#### [THE DATA]
• • • • • • •
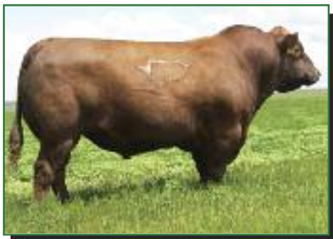
SCHULER SILVER BULLET 4604P SIRE OF LOT 28

3505 is impressive, and all you can hope for from a Tidy Bee. If you looking for a low birth weight donor to mate with please have this girl marked with a big red X. Another highlight is the Chateau 744 that she will calve next spring.
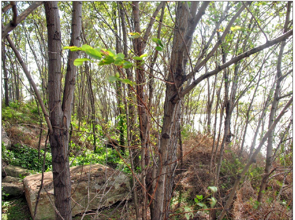
Black locust trees on south peninsula facing Newtown Creek 12
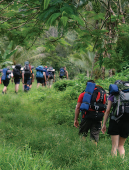
Kovelo Village.
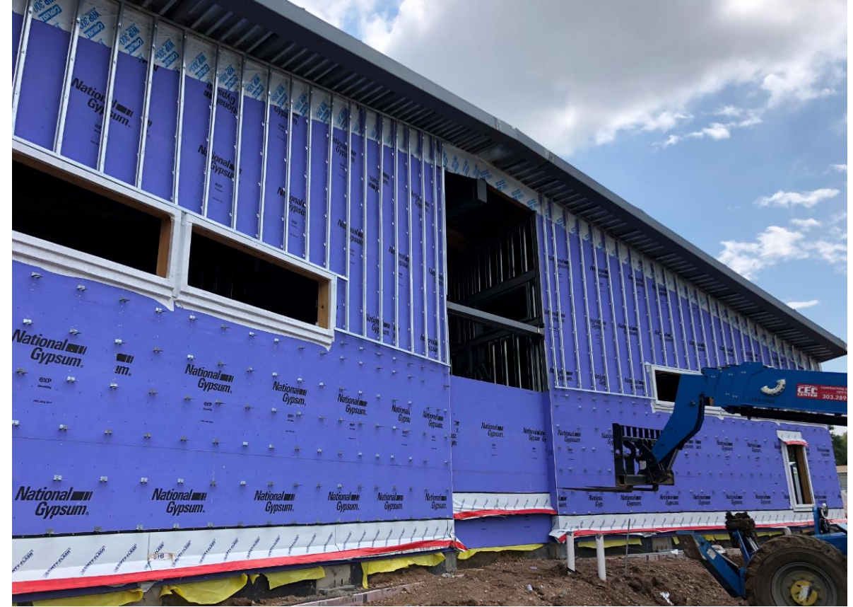
East side brick & West side framing.
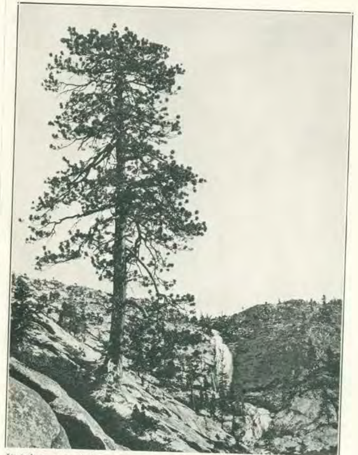
It takes a real hiker to make the trip to Horse-tail Falls, but one is well repaid for the effort.
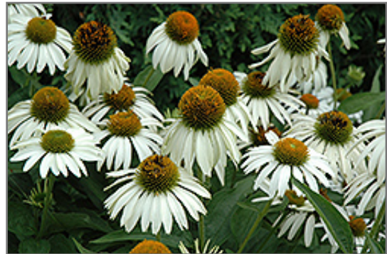
White Swan Coneflower flowers

White Swan Coneflower is recommended for the following landscape applications;
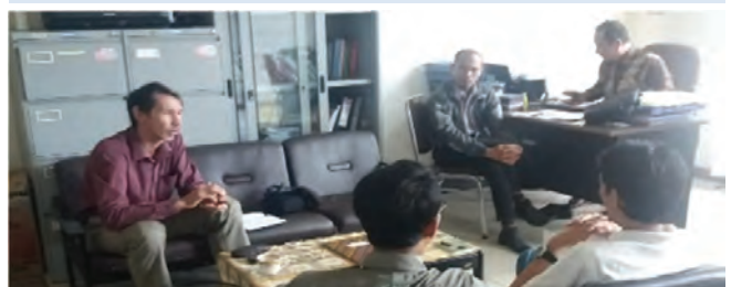
Meeting with the local Government authority (Dinas Perkebunan) Penajam Paser Utara regency, 17 th January 2019.
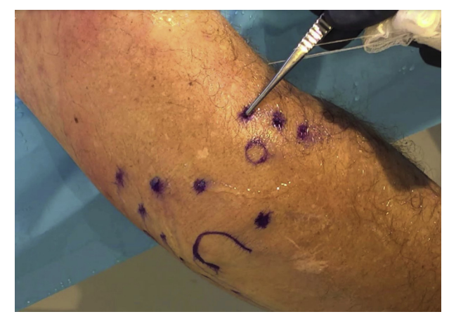
Fig 5. External view of a right elbow in the lateral decubitus position post-arthroscopy, demonstrating minimal soft-tissue disruption. Portals do not require sutures. A simple compressive soft dressing over the elbow for 48-72 hours is usually sufficient for postoperative wound care.

An important consideration in the described technique is the role of flow in establishing optimal visualization. Visualization in NA relies more upon controlling flow than upon pump pressure and fluid volume. Poiseuille's law stipulates that decreasing the radius of a tube inversely effects resistance and directly reduces flow. Therefore, the narrower cannula of the NA will necessitate adjusting the working instruments, particularly arthroscopic shavers and ablators. A standard large diameter shaver with full suction applied would rapidly remove all the fluid from the joint and create a vacuum. This should, therefore, be managed with smaller shaver diameters and judicious application of suction. The implementation of a dedicated inflow
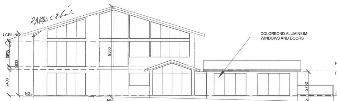
Figure 4: the northern elevation of the approved dwelling. The single storey section is 4m from the foreshore walking track and the double-storey section is 10m from the track.

The northern elevation of the approved dwelling is shown in Figure 4 below, and shows the approved dwelling's single and double storey sections. The single storey section of the approved dwelling is 4m from the northern boundary and foreshore land and the double-storey section is 10m from the northern boundary and foreshore walking track. Along that walking track there is a remaining fringe of native vegetation.
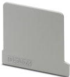
End cover, Length: 42.5 mm, Width: 1.3 mm, Color: gray

Please be informed that the data shown in this PDF Document is generated from our Online Catalog. Please find the complete data in the user's documentation. Our General Terms of Use for Downloads are valid ( http://download.phoenixcontact.com )
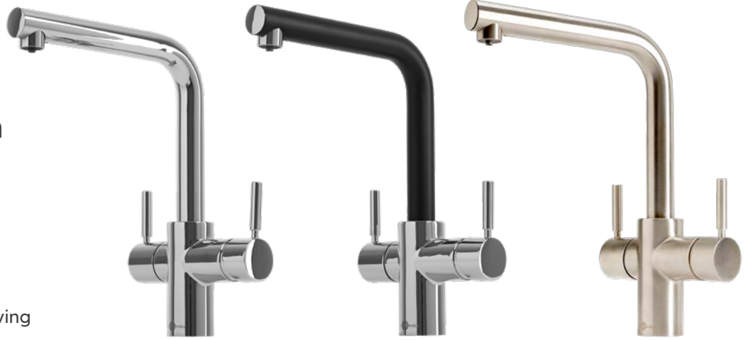
Product Code: MTLIA-CH Finish: CHROME
• • • • • • •
#### [TASK DETAILS]
Please find all lines of the entries that hold the string "from" and copy them.

#### [YOUR RESPONSE]
3505 is impressive, and all you can hope for from a Tidy Bee. If you looking for a low birth weight donor to mate with please have this girl marked with a big red X. Another highlight is the Chateau 744 that she will calve next spring.
An important consideration in the described technique is the role of flow in establishing optimal visualization. Visualization in NA relies more upon controlling flow than upon pump pressure and fluid volume. Poiseuille's law stipulates that decreasing the radius of a tube inversely effects resistance and directly reduces flow. Therefore, the narrower cannula of the NA will necessitate adjusting the working instruments, particularly arthroscopic shavers and ablators. A standard large diameter shaver with full suction applied would rapidly remove all the fluid from the joint and create a vacuum. This should, therefore, be managed with smaller shaver diameters and judicious application of suction. The implementation of a dedicated inflow
Figure 4: the northern elevation of the approved dwelling. The single storey section is 4m from the foreshore walking track and the double-storey section is 10m from the track.
The northern elevation of the approved dwelling is shown in Figure 4 below, and shows the approved dwelling's single and double storey sections. The single storey section of the approved dwelling is 4m from the northern boundary and foreshore land and the double-storey section is 10m from the northern boundary and foreshore walking track. Along that walking track there is a remaining fringe of native vegetation.
Please be informed that the data shown in this PDF Document is generated from our Online Catalog. Please find the complete data in the user's documentation. Our General Terms of Use for Downloads are valid ( http://download.phoenixcontact.com )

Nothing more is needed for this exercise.